Он ответил так же ровно, как докладывал в бою. Теперь мёртвая зона, теперь счёт ленты.
* * *
Ночью полк не спал. Полк готовил утро.
У оружейников под сетью горели коптилки. Снаряжали ленты. Один, мальчишка лет восемнадцати, набивал ленту к ВЯ — патрон к патрону, в брезентовое звено, руки в оружейном масле — и считал вслух, по полусотне. На третьей сотне сбился, выматерился под нос, ссыпал начатое обратно в ящик и начал сызнова, с первого. Сбиться было нельзя: недосчёт не всплывёт на земле, он всплывёт в бою — пустым звеном на подаче, и виноват будет он. К ШКАСу ленту вели россыпью, быстрее.
Под крылом вешали реактивные.
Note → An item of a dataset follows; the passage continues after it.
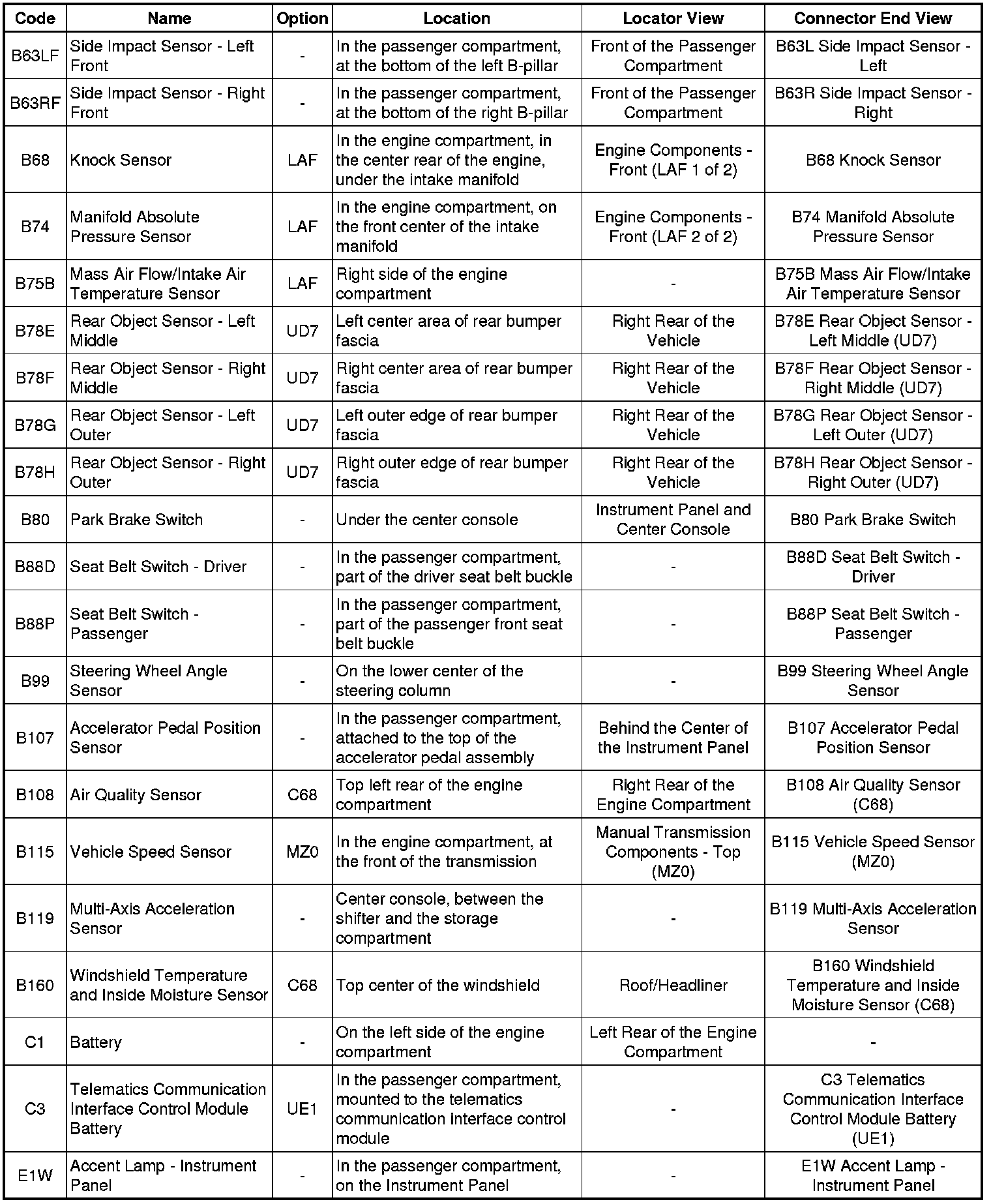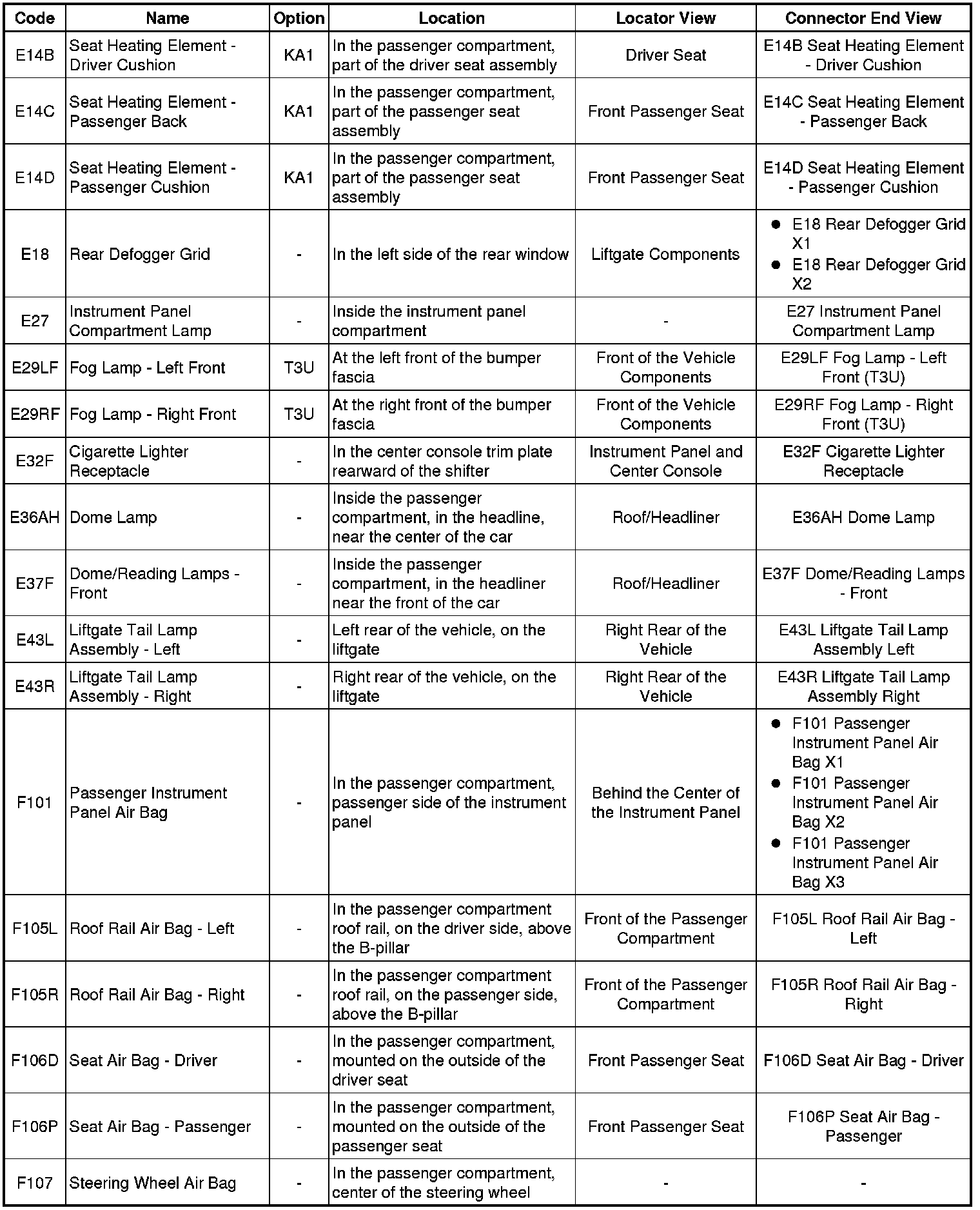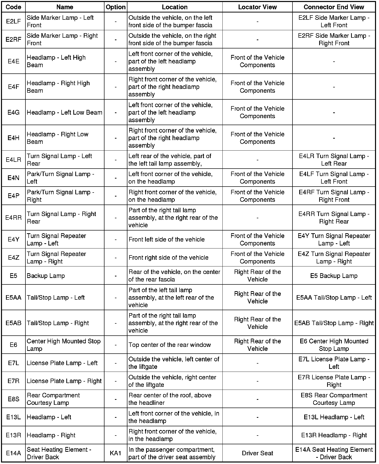 Master Electrical Component List

Балки, направляющие. По четыре под каждую консоль. На две машины подвешивали сотки: завтрашний узел в одни пушки не возьмёшь. По батарее — бомбы. Взрыватели ставили в последнюю очередь, перед самым вылетом. Так положено.
Старшина по вооружению шёл от борта к борту. Дёргал подвеску рукой, как вьючное седло. Чтоб на маневре ничего не сорвалось и не ушло раньше времени.
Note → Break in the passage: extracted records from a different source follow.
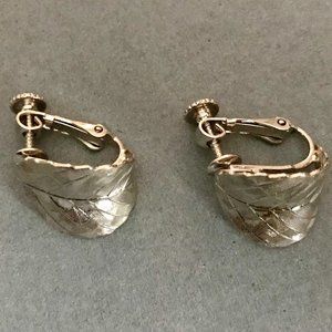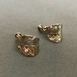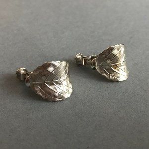 Vintage Napier Silver Curved Leaf Earrings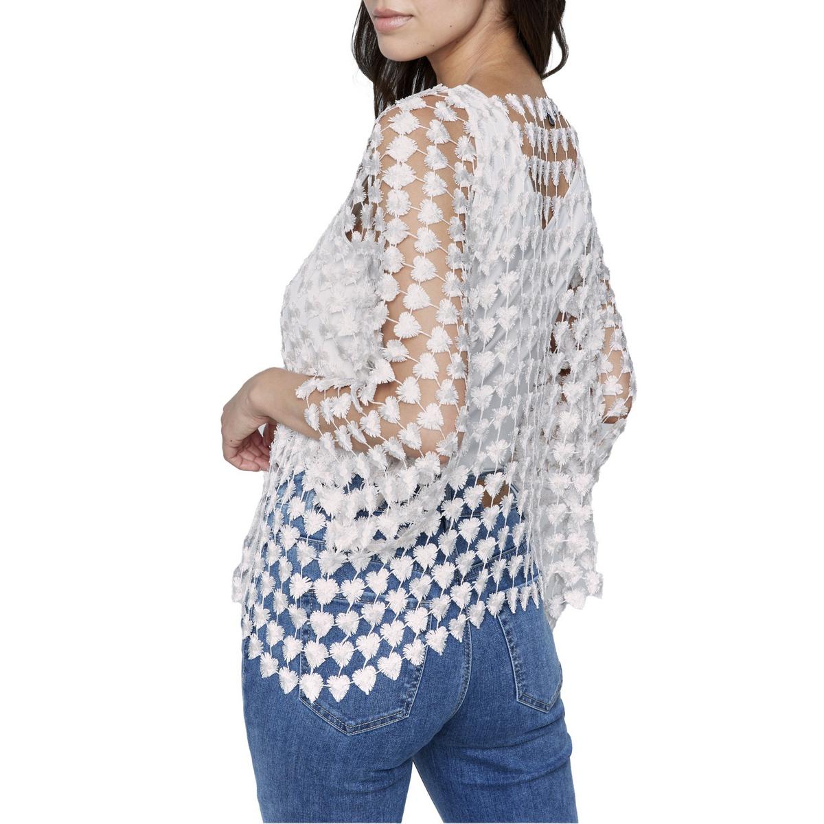 Women's Charlie B Heart Textured 3/4 Sleeve Square Neck Shirt
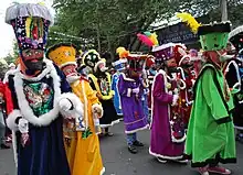 The Chinelos dance is derived from Carnival celebrations in what are now the south of Mexico City, Morelos and the State of Mexico. Since Carnival celebrations allow the wearing of masks for anonymity and behaviors not normally tolerated, a tradition arose for the indigenous to make fun of the Spanish elite and their dress through the dance.[14] The word “chinelos” is derived from the Nahuatl word zineloquie, which means “disguised.”[15] Chinelos dancers wear masks imitating the fair skin and beards of the Spanish along with elaborate dress and gloves.[14] They are the best known Carnival dancers in Mexico with Morelos have the most groups.[15] The Chinelo dancers are now a symbol of the state of Morelos, with the tradition increasing with more towns having dance troupes and it is possible to see troupes dancing at times other than Carnival. It is even possible to hire Chinelos dancers for special occasions.[14] [16]
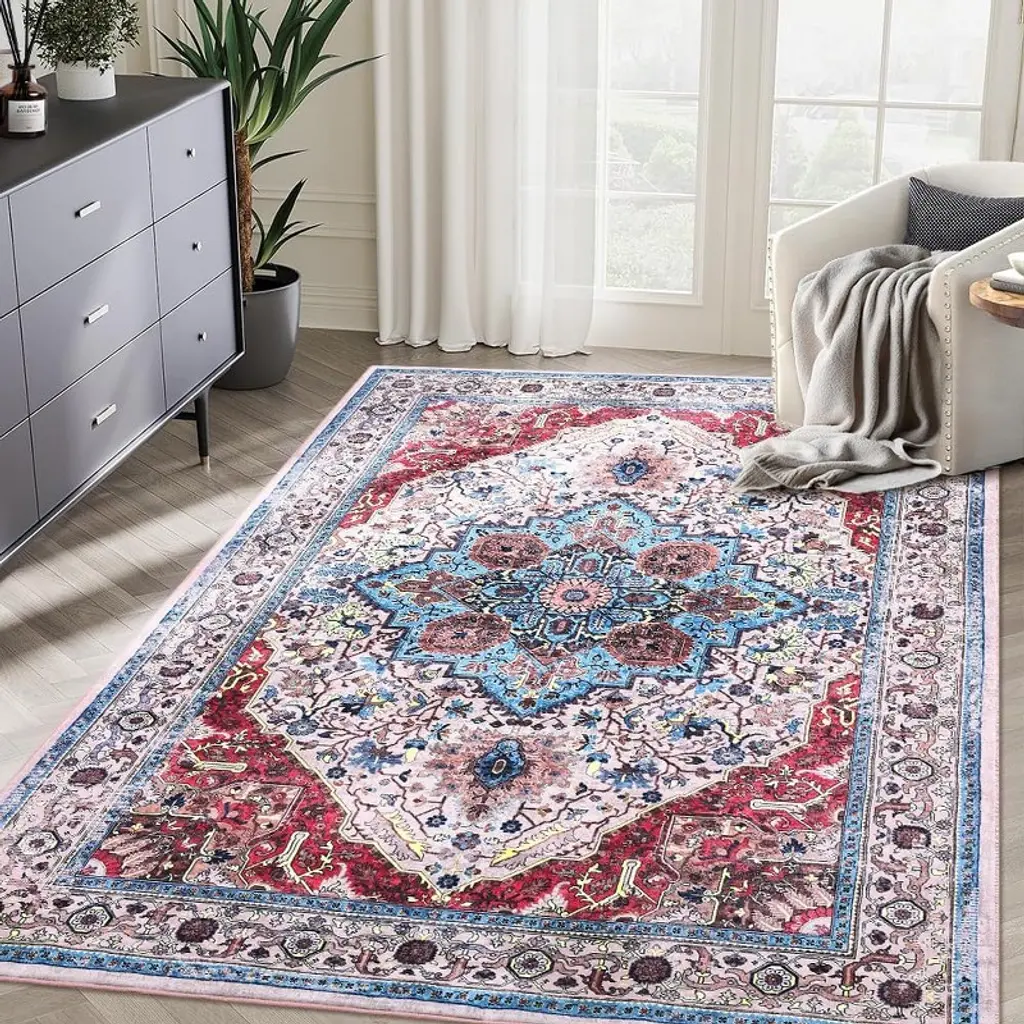 Coucheta Washable Accent Area Rug Non-slip Floor Carpet Low Pile Oriental Print Throw Rugs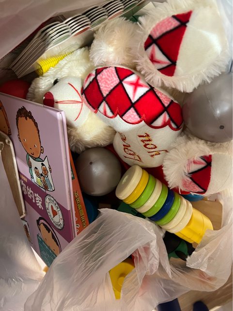 幼兒玩具,有娃娃、書、玩具,大概0-3歲可以玩,有些是孩子不玩的、有些是他人贈送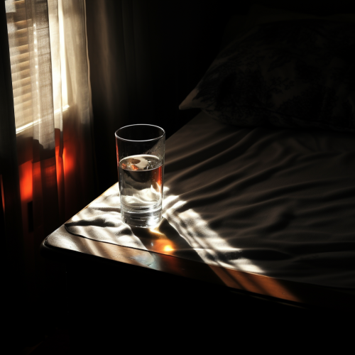 A rustic garden table in a bright, sunny garden, with a clear glass carafe filled with water as the central focus. Sunlight beautifully shines through the carafe, creating a glistening effect that enhances the refreshing atmosphere. On the table, a few scattered fruits like oranges and lemons, but minimalistic so that the attention remains on the carafe. In the background, blurry silhouettes of children playing, evoking a sense of joy and carefree summer days. The overall mood is light, fresh, and relaxing, with a soft breeze and warm sunlight. The scene invites a sense of thirst and relaxation photorealistic, natural lighting, high detail --ar 16:9 --v 5.0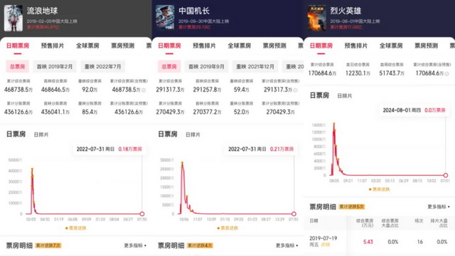 《流浪地球》《中国机长》《烈火英雄》票房(数据来源:猫眼专业版)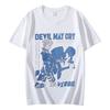T-shirt à manches courtes, style vintage, surdimensionné, unisexe, décontracté, en coton, style streetwear, avec imprimé Devil May Cry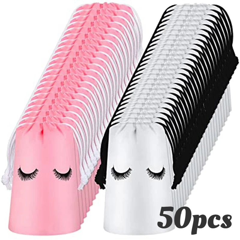 50pcs Storage Bags With Drawstring Eyelash EVA Waterproof Plastic Travel Toilet Packing Bags Portable Cosmetic Makeup Pouch

Бензозаправщик полз без фар, на малом газу. Масло грели отдельно: холодное к утру густеет, на запуске мотор такого не любит. Баллоны со сжатым воздухом катили по двое. Запуск на Конной шёл воздухом. Спущенный с вечера баллон стоил утром вылета. У дальней стоянки один травил. Шипел тонко и зло. Двое возились с вентилем при свете самокрутки, пока не зажали.
Машины перекатывали руками. Десяток плеч под плоскость, негромкое «взяли» — и горбатый сдвигался на метр, на два, в новый капонир, под свежую сеть. Перекатывали не зря: утром над Конной пройдёт немецкая рама, и пусть считает пустые стоянки там, где вечером стояли борта. Сети растягивали заново, забрасывали степной травой, гасили всякий лишний огонь — коптилки горели под пологом, прикрытые сверху.
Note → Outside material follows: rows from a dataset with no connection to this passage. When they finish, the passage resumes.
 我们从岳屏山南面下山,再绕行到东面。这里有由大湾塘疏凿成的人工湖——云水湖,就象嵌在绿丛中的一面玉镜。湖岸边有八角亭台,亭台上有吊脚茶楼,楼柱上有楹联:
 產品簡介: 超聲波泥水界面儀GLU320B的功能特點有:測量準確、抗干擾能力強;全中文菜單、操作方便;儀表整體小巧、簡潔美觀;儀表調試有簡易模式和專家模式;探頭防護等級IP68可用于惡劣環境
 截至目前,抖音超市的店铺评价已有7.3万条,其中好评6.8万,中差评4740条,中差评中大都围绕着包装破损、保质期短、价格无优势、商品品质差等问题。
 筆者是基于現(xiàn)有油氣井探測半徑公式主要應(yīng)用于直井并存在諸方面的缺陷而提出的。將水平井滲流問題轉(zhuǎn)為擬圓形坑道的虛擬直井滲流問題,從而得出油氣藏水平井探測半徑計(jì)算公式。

Готовность в штурмовом полку считают не людьми — людей хватает: пеший пилот, безлошадный стрелок, легко раненный, все на ногах. Считают машинами. Та, что к четырём не заправлена, не залатана, не заряжена, — утром её в строю нет.
* * *
Трофимов собрал нас к одиннадцати в землянке, у карты. Пахло сырой землёй и керосином от лампы; огонёк выхватывал из темноты только карту да чьи-то руки над ней. На нарах в углу спал, не раздеваясь, дежурный связист — телефон стоял у его головы, и он во сне держал руку на трубке.
— Сколько поднимешь к четырём пятнадцати? — Это он спросил первым, до сводок и фамилий.
— Шесть. — Я считал это весь вечер и не сомневался. — Гладков на земле, радиатор, дня на два. Сёмин пеший. Остальные шесть к утру будут, моя семёрка в том числе — Прокопенко доводит.
— Пары?
— Бабенко и Панин остались без своих — Гладков на земле, Сёмин пеший. Свожу их в пару, замыкающими. Воробьёв в запасе.
— Боекомплект?
— На шесть хватит. Эрэсов поменьше, поделил по ведущим. Сотки на две машины, под узел.
Он принял цифру молча. Шесть из восьми за одно утро — на северном фасе ещё хорошо.
Трофимов придавил угол карты гильзой, чтобы карта не сворачивалась. Коридор лежал красным, узкий, от Котлубани к Волге, и поперёк него — синие стрелки с севера, которые который день давили в него и пока не срезали.
— Город держится на честном слове. — Это была не фраза для нас, а то, что ему сказали сверху и что он передавал вниз без прикрас. — Чем больше пройдёт к немцу по этому коридору, тем дольше он сидит у Волги. Значит, работать по коридору будем каждый день, пока он есть. Завтра — узел дорог у Россошки. Не колонна: узел. Батарея, переправа, скопление. Заявка от земли уже пришла. Цель тяжелее сегодняшней.
Он сказал «тяжелее», и никто не переспросил, насколько. Считали одно и то же про себя: тяжелее — значит плотнее зенитки, значит меловых кругов завтра больше, а машин на стоянках меньше.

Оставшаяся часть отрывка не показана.